Required work: Your copy of the entries below should hold exactly the lines from the one containing "Quick Onboarding Get" to the one containing "5.你还可以获得恐龙的祝福,增强自己的实力。", inclusive, and no pictures.

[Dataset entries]
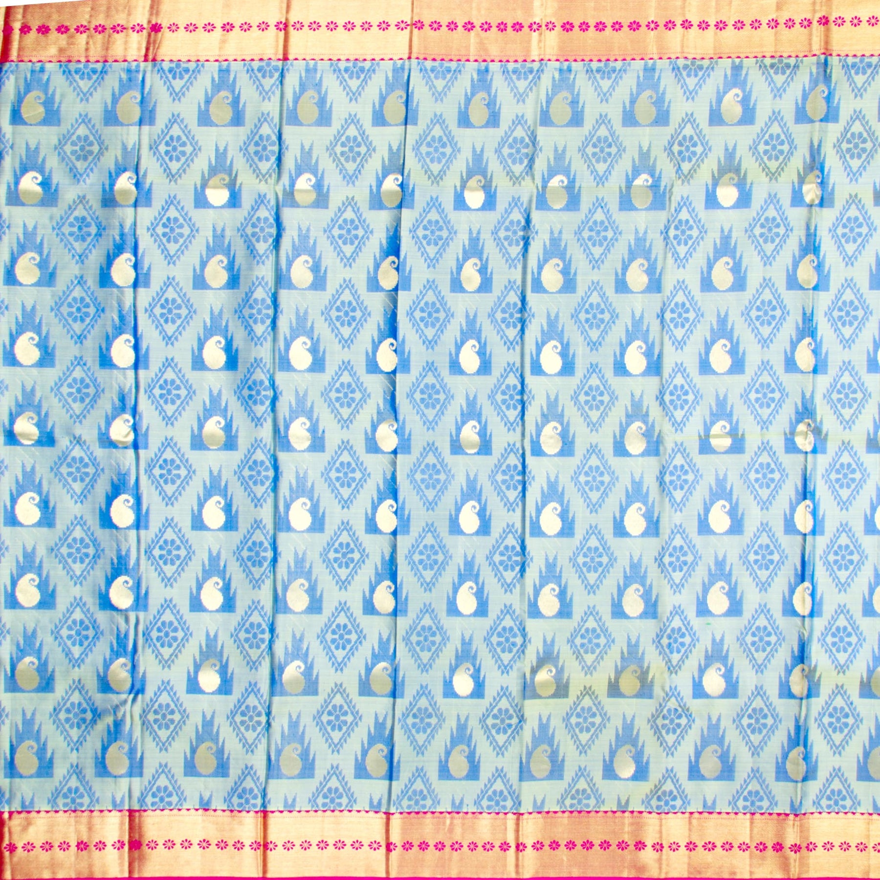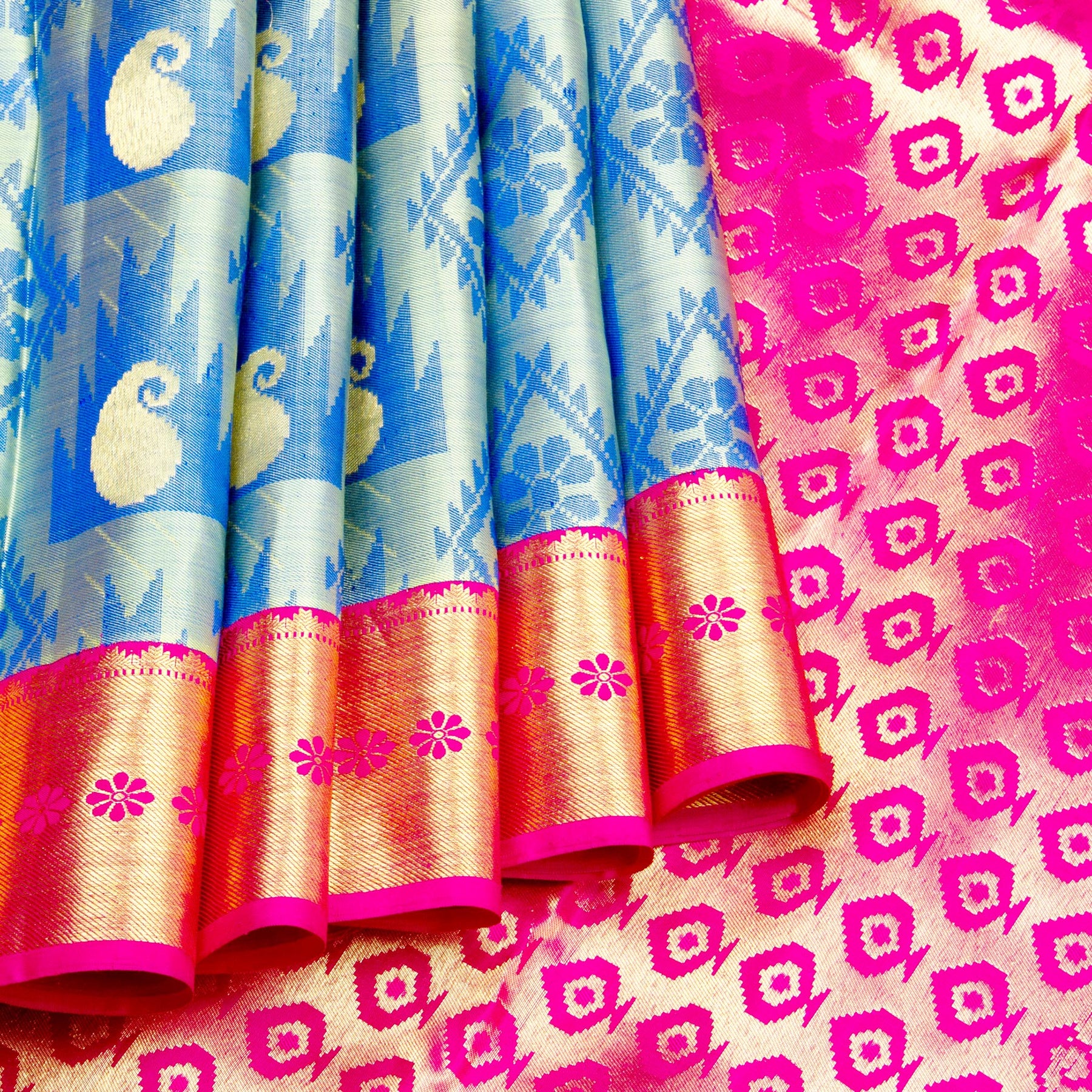 Kuberan Blue Pink Kanchivaram Silk Saree
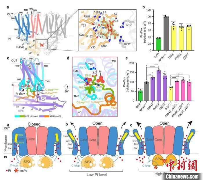 论文通讯作者姜道华特聘研究员介绍说,最初XPR1以反转录病毒的细胞表面受体出现,后续研究发现,其小小蛋白竟然“身兼数职”:它除了包含一个跨膜结构域外,还拥有一个普遍存在于动物、植物和微生物中“百搭”蛋白SPX结构域。该“百搭”蛋白作为多磷酸肌醇的感受器,及时感受细胞内因磷酸盐过量而发出“SOS”求救信号。
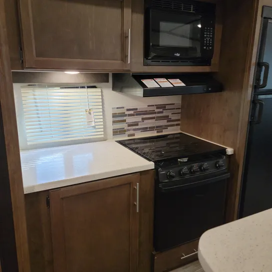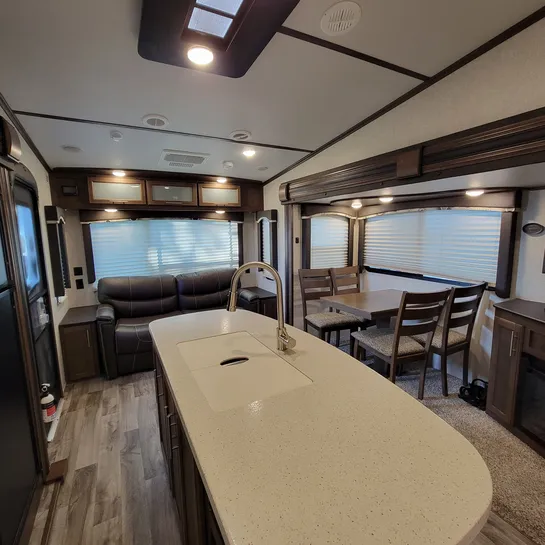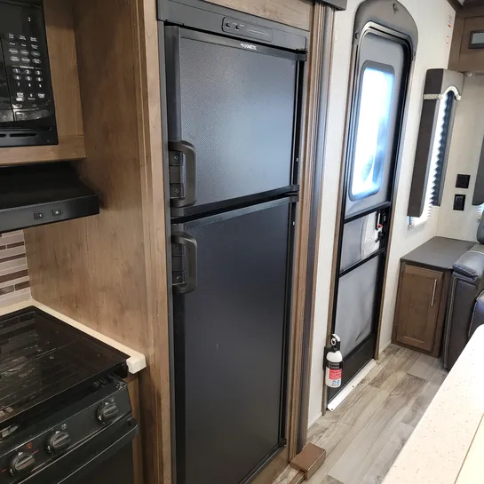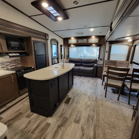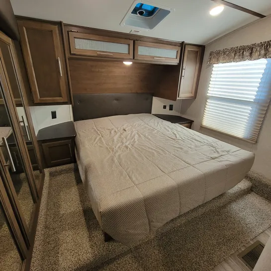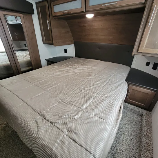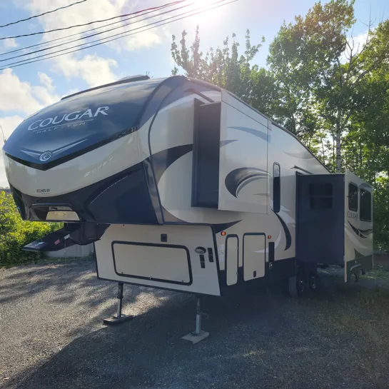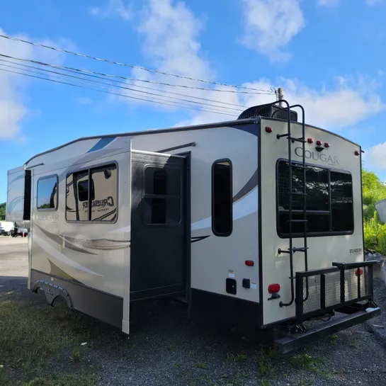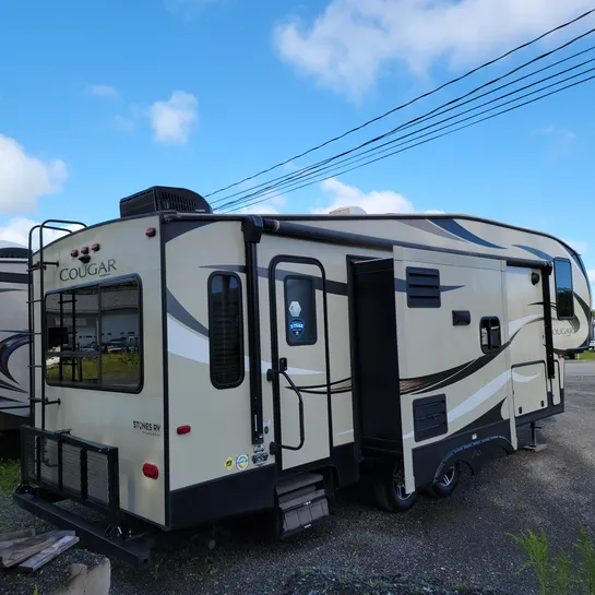 The 2019 Keystone Cougar Half-Ton 27RLS is designed for comfortable and convenient travel. It features a rear living layout with three slide-outs, providing ample living space, and is equipped with modern amenities and features for enjoyable camping experiences.
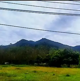 View of the Titiwangsa Mountains near Kampung Gadong, with Datuk rising to the east (right hand side of the image).
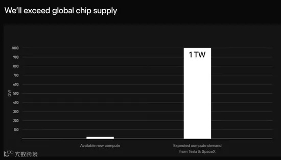 Terafab项目需实现年产能一太瓦(1,000吉瓦),但当前全球AI算力年产量仅20吉瓦。现有芯片工厂总和仅能满足该项目需求的2%,现有供应链扩张速度远低于项目要求。
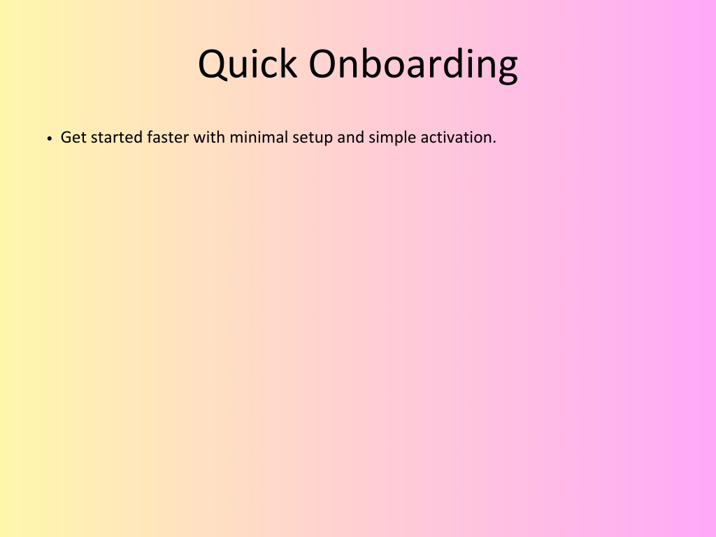 Quick Onboarding Get started faster with minimal setup and simple activation.
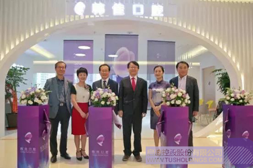 韓國前總理李海瓚(左三)和蘇州啟迪常務(wù)副總經(jīng)理、韓佳口腔董事長華瑩(左二)等
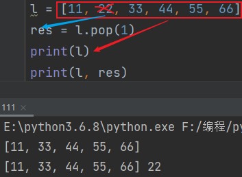 列表.pop(序号) eg: res = l.pop(1) print(l, res) # [11, 33, 44, 55, 66] 22
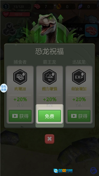 5.你还可以获得恐龙的祝福,增强自己的实力。
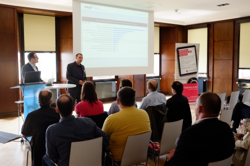 Der dritte Vortrag wurde vom diesjährigen Partner des Techdays, dem IT-Dienstleister mod IT GmbH aus Einbeck, übernommen. Die Hannoveraner Experten Philipp Boos und Daniel Wolf stellten das Thema Das Smartphone in der Mitarbeitertasche in den Fokus und erläuterten, dass statistisch gesehen rund 14% der Arbeitnehmer das Smartphone geschäftlich nutzen, die Gebühren allerdings vom Arbeitgeber übernommen werden. 23% hingegen nutzen es geschäftlich - zahlen allerdings selber und die übrigen 63% nutzen ihr Smartphone privat. Hinsichtlich der Nutzung eines Smartphones als BYOD-Strategie (Bring Your Own Device) im Unternehmen gaben die Referenten allerdings zu bedenken, dass bei der Integration von Smartphones in die Betriebsabläufe die Datensicherheit zwingend gewährleistet bleiben muss. Ein zentrales Management der Geräte ist die Grundlage für die sichere Einbindung in die Unternehmens-IT, so Philipp Boos. Als vorbildhaftes Beispiel wurden dafür die Funktionen der Toolkette Good for Enterprise aufgezeigt, welche beispielsweise zwischen Firmendaten und privaten Daten unterscheiden kann. Als Administrator hat man sogar die Möglichkeit Smartphones zu verwalten, zu steuern und zu überwachen. Ferner bietet das Produkt die Möglichkeit, Geräte über das Internet zu löschen, wenn diese verloren gehen (Remote Wipe).
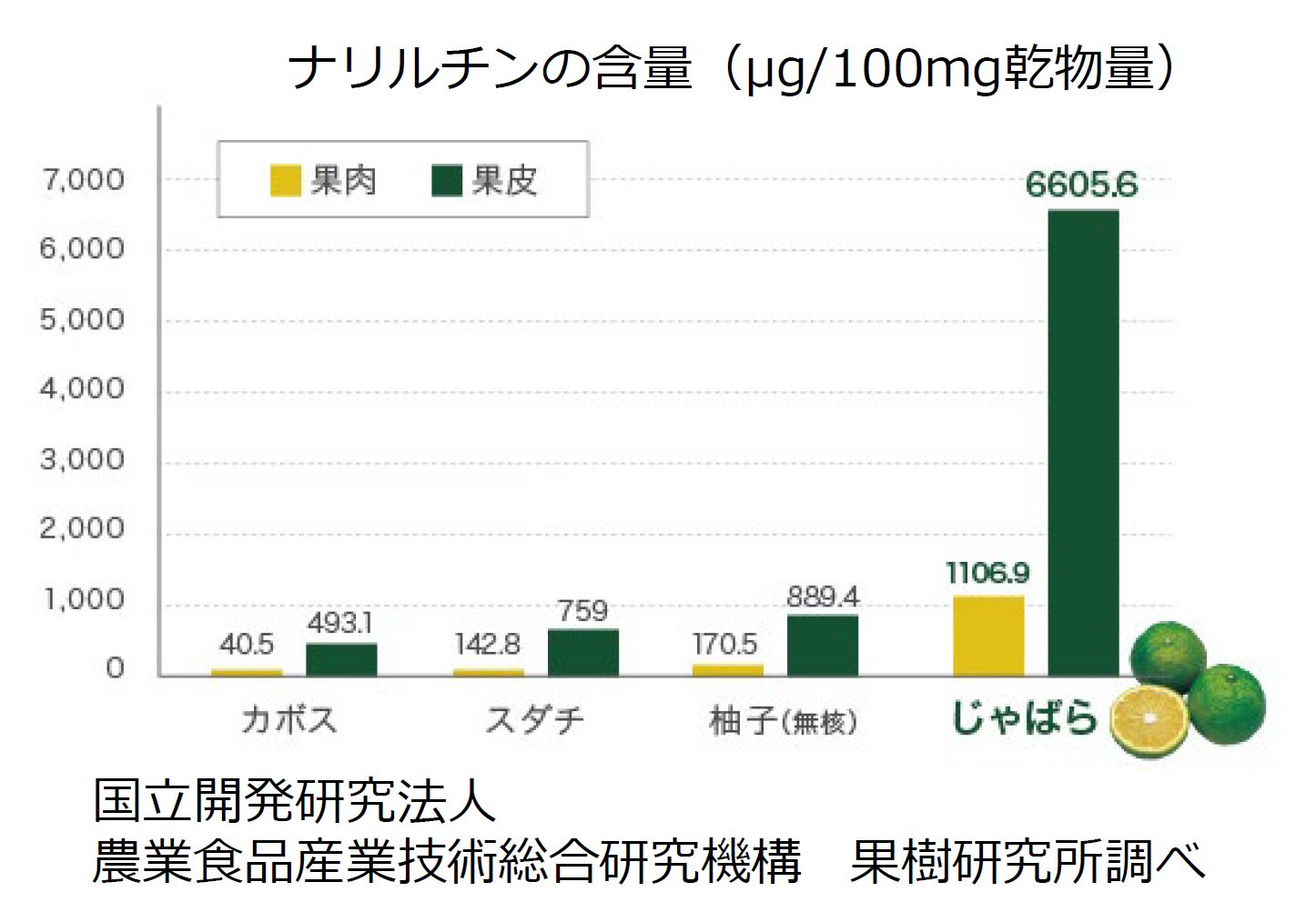 一般的に柑橘類の皮は苦く捨ててしまいがちで、じゃばらにも同様なことが言えます。しかし、じゃばらの果皮には、果肉に比べて6倍ものナリルチンが含まれているので、当社ではいかに美味しく・食べやすく・安全な果皮商品を作ることができるかを長年の課題として試作を重ねてきました。造粒タイプの「じゃばらっ粉」は、じゃばらの果皮の豊富なナリルチンを手軽に摂ることができます。
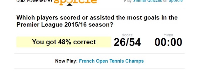 15日、『FourFourTwo』は「2015-16シーズンにゴールとアシストを合わせて9回以上記録した選手、全員の名前を挙げられる?」というクイズを掲載した。
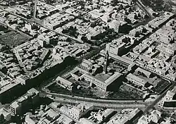 The first city plans should be seen as an expression of the power relations between two groups. The plan from 1902 had already divided the city into three zones: a zone for Italians which included the city center, a zone centered on the traditional market meant for other European groups like Greeks and Jews, and an unplanned zone for indigenous folks, located outside of the northern city border.[17] A fourth zone for industry was envisaged in the next plan of 1908.[18] Additional plans by planner Cavagniari, which were decided upon in 1913 and 1916 respectively, strengthened the principle of racial separation, which then became increasingly more rigid during the beginning of the fascist era in the 1920s.[19]
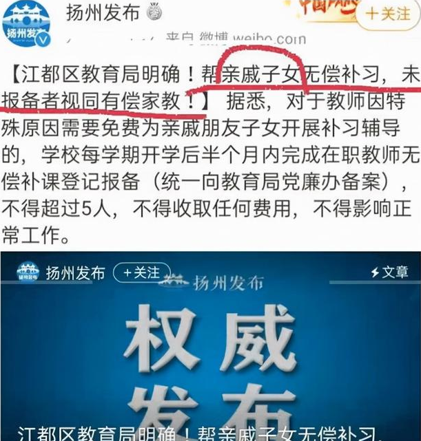 在這一問題出現(xiàn)后,揚(yáng)州地區(qū)的相關(guān)部門發(fā)布消息,表示教師為親戚子女補(bǔ)課,需提前報(bào)備,沒有進(jìn)行報(bào)備的補(bǔ)課活動(dòng)視為有償家教。如果教師的補(bǔ)課行為被認(rèn)同為有償家教的話,屬于嚴(yán)重違規(guī)現(xiàn)象,教師也可能面臨被辭退。
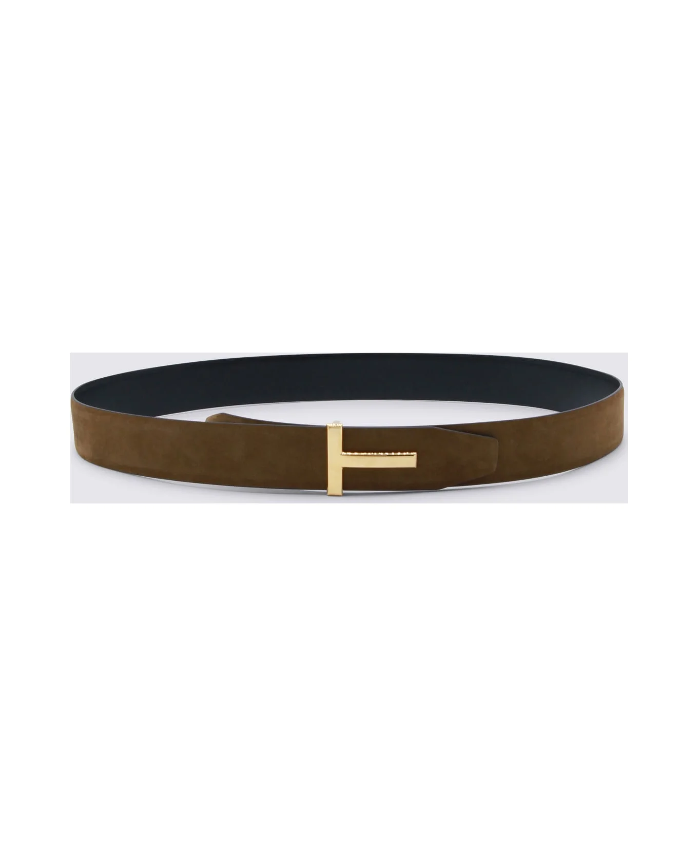 Brown leather belt from Tom Ford featuring gold tone T buckle fastening, suede lining and adjustable size. Composition: _, 100% Le Made in: Spain Color: Brown Model number: TB178LCL504G1B014
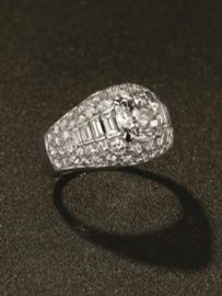 al centro un diamante taglio vecchio a cuscino di 2 ct circa affiancato da due linee di baguette poste in gradazione entro un pave di brillanti, punzone Bulgari, 11 g
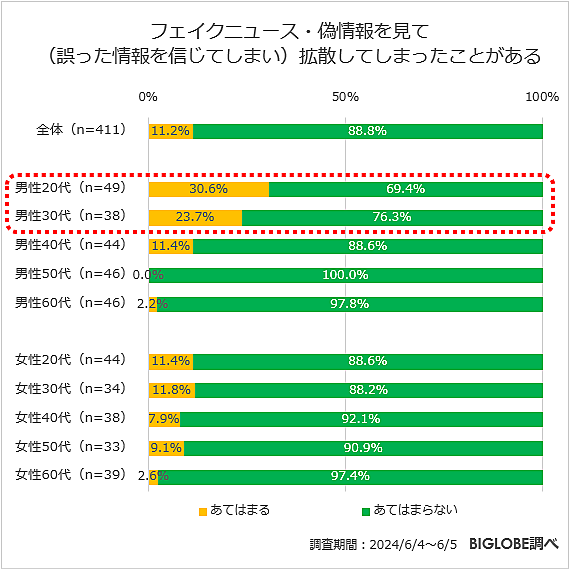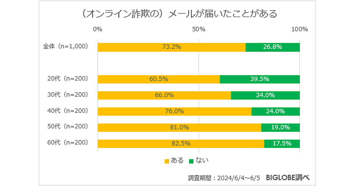 ビッグローブは、「オンライン詐欺・フェイクニュース」に関する調査結果を発表した。全国の20代~60代の男女1,000人が回答している。
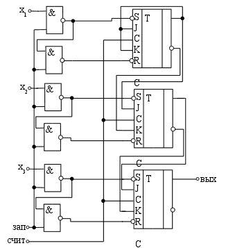 В приведенной схеме JK – триггеры дважды превращены в D – триггеры. Одно превращение осуществлено для организации записи с использованием вспомогательных инверсных входов S и R и, добавлением двух элементов И –НЕ. Этот способ построения триггера показан на рис 1.14.5. Запись числа в регистр в параллельном коде происходит при подаче числа на входы х1, х2, х3 и сигнала «1» на вход «зап». Для считывания информации из регистр в последовательном коде JK – триггеры второй раз превращены в D – триггеры у которых выходы каждого триггера соединены со входом D следующего, как это делается в последовательном регистре. Во втором случае JK – триггеры превращены в D – триггеры способом показанном на рис 1.14.8, но вместо дополнительного инвертора используется инверсный выход предыдущего триггера. Исключение составляет первый триггер, у которого входы J и K объединены и соединены с основным входом этого же триггера. Благодаря такой схеме после подачи импульсов считывания первый триггер оказывается в состоянии «0».
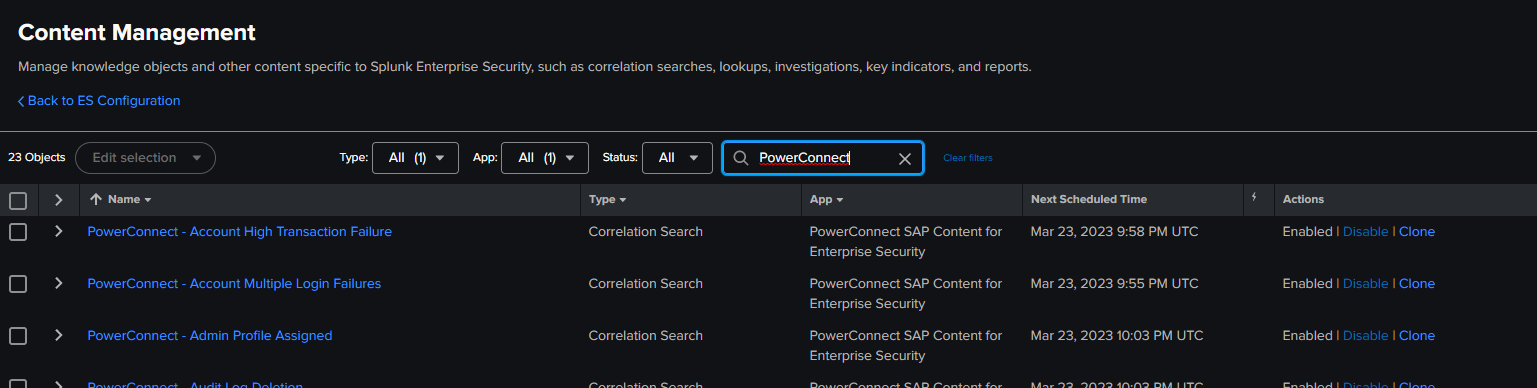 Under the App filter, select “PowerConnect SAP Content for Enterprise Security”
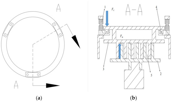 Schematic diagram of electromagnetic balance scheme for axial gas force of the scroll compressor: (a) the top view of the structure; (b) the sectional view from A-A direction; 1—pressure sensor; 2—moving vortex disk; 3—static vortex disk; 4—electromagnet; 5—compression chamber.

Response area:
 Quick Onboarding Get started faster with minimal setup and simple activation.
 韓國前總理李海瓚(左三)和蘇州啟迪常務(wù)副總經(jīng)理、韓佳口腔董事長華瑩(左二)等
 列表.pop(序号) eg: res = l.pop(1) print(l, res) # [11, 33, 44, 55, 66] 22
 5.你还可以获得恐龙的祝福,增强自己的实力。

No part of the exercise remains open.